Setting up your first inbox
Log into Chatwoot at the Pinggy URL. Go to Settings → Inboxes → New Inbox, then choose Website. Give it a name, set the domain to your actual product’s domain (or just a placeholder), and click through.
Chatwoot generates a JavaScript snippet:
<script>
(function(d,t) {
var BASE_URL="https://abc123.a.pinggy.link";
var g=d.createElement(t),s=d.getElementsByTagName(t)[0];
g.src=BASE_URL+"/packs/js/sdk.js";
g.defer = true;
g.async = true;
s.parentNode.insertBefore(g,s);
g.onload=function(){
window.chatwootSDK.run({
websiteToken: 'your_token_here',
baseUrl: BASE_URL
})
}
})(document,"script");
</script>
Paste this before the </body> tag on any page where you want the chat widget.

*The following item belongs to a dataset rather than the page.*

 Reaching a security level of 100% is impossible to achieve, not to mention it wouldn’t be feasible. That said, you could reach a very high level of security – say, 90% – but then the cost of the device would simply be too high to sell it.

That’s it - customers on that page will see the chat bubble and can write to you.
What Captain AI looks like in practice
To enable Captain, go to Settings → Integrations → Captain. You’ll add your OpenAI API key (or an OpenAI-compatible endpoint like a local Ollama instance) and point it at an inbox.
Once configured, Captain appears in the reply editor. When a conversation comes in, Captain drafts a suggested reply based on your help center articles and previous conversations. You click to accept or edit before sending. For after-hours traffic, you can enable the Assistant mode - Captain responds automatically and hands off to a human when it gets stuck.

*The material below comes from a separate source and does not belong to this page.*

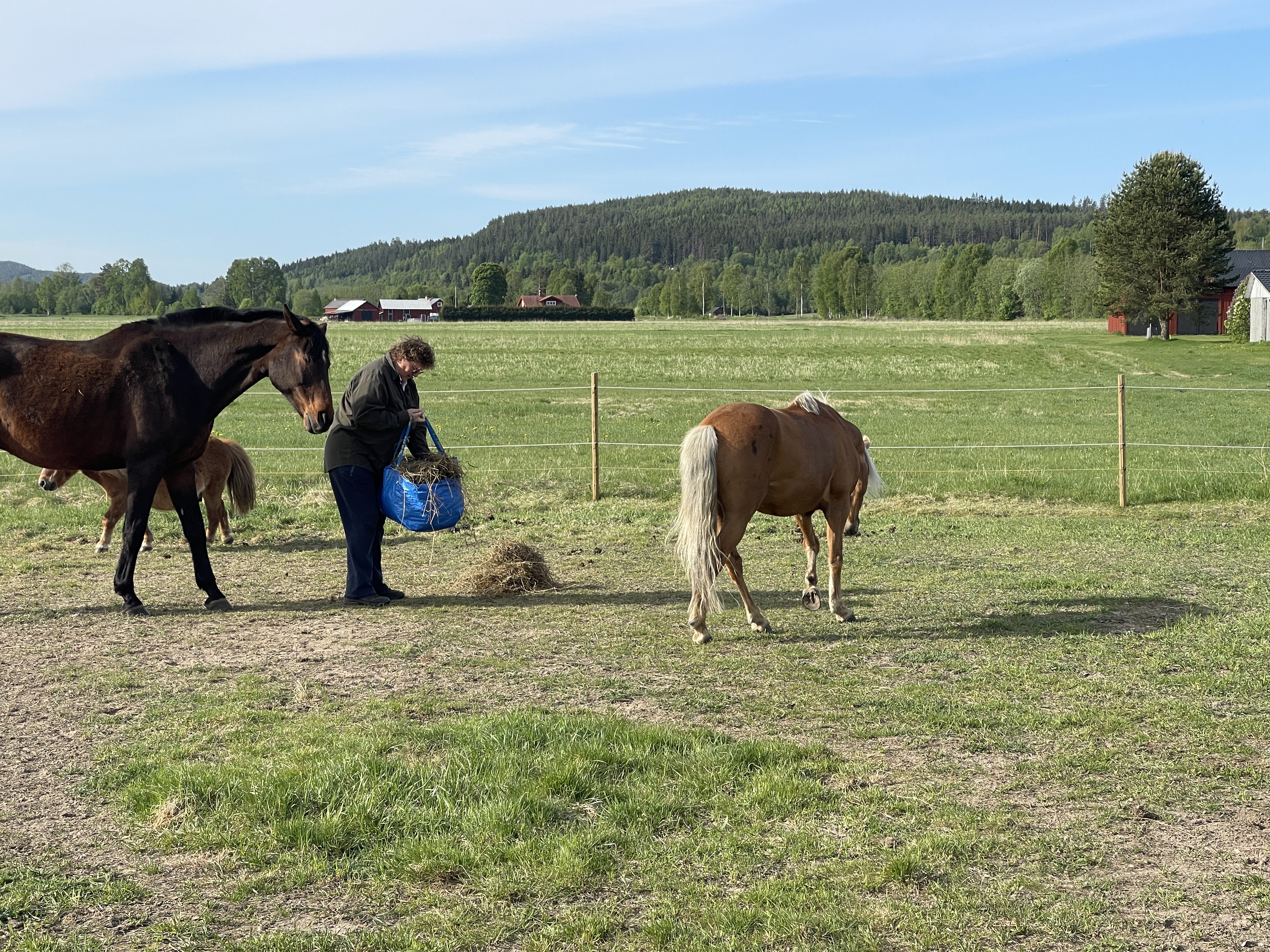 De rit van Nora naar Hagfors of om precies te zijn naar Eksharad waar de familie van Lia woont, bevalt me wel. Ik rijd altijd voorop en op deze rustige weg het rijk alleen, zo leek wel. Dat rijden met dit prachtige weer doe ik met plezier en met mij de motorrijders. We worden erg hartelijk ontvangen door Corine en Olaf, de familie van Lia en we kunnen alle drie de campers op hun terrein zetten.

The FAQ detection runs quietly in the background. After a week of traffic, check Settings → Captain → FAQs to see what questions are surfacing without good answers. That list is genuinely useful for figuring out where your docs are thin.
Tradeoffs to know
No Compose-style orchestration built in. Chatwoot does not have a built-in way to restart containers if they crash. If you’re running this on a machine that reboots, set restart: always in your docker-compose file (it’s already there in the production template).
Email needs SMTP. The out-of-the-box .env has SMTP variables commented out. Without them, Chatwoot can’t send email notifications or handle email conversations. For a quick SMTP setup, a free Resend or Brevo account works.

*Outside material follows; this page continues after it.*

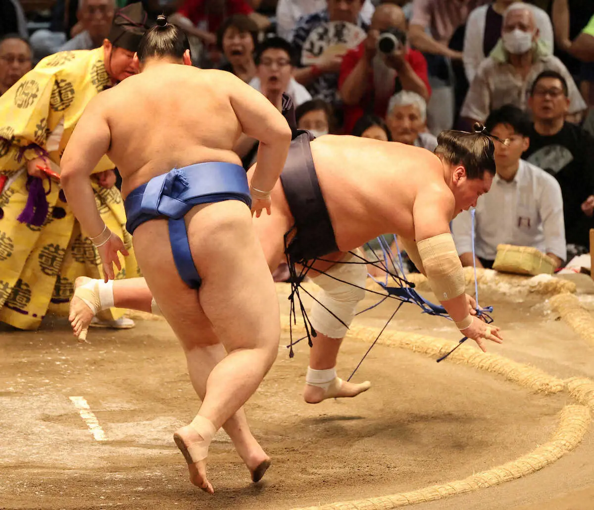 同じく“崖っ縁”のカド番大関・貴景勝は西前頭3枚目・豪ノ山を突き落として白星。5勝目を挙げるもあすは大の里との対戦で、厳しい状況は続く。

Captain AI is paid at the LLM layer. Chatwoot itself is free. Captain needs an API key that bills per token. For a small product with a few conversations per day, this is negligible - a few dollars a month. For high-volume support, it adds up.
Free Pinggy URL isn’t persistent. For anything more than testing, use a paid plan to get a fixed URL, then set it as FRONTEND_URL once. Alternatively, run Chatwoot on a cheap VPS ($5-6/month on DigitalOcean or Hetzner) and you own the domain.
Resource requirements. The Docker stack uses about 600-700 MB RAM at idle with a light database. Chatwoot’s docs suggest 2 GB RAM minimum for a comfortable experience. A Raspberry Pi 5 or any reasonably modern laptop handles it without trouble.
The cost comparison
Intercom’s starter tier is $74/month (2 seats, no AI features). With AI features it’s $300-900/month depending on conversation volume. Zendesk Suite runs $55-115/agent/month.
Chatwoot self-hosted is $0 for the software. Add $5/month for a VPS if you want persistence, and LLM API costs for Captain if you use it. For an indie product doing 50-200 conversations a month, you’re looking at under $10/month all-in versus hundreds with a SaaS tool.
The tradeoff is maintenance - you own the stack. Upgrades are manual (docker compose pull && docker compose up -d). Backups are your problem. If that sounds like work, it is. But it’s an afternoon of setup for years of saving.
Wrapping up
Chatwoot handles the full customer support lifecycle - live chat, email, social channels, AI responses, agent collaboration - from a single dashboard you run on hardware you control. v4.14.2 shipped three days ago with Captain as a first-class feature, and the June release cycle lands next week with more fixes.
The local setup is solid. The only missing piece is a public URL, and Pinggy covers that without any infrastructure changes - one ssh command and your Chatwoot instance is reachable from anywhere.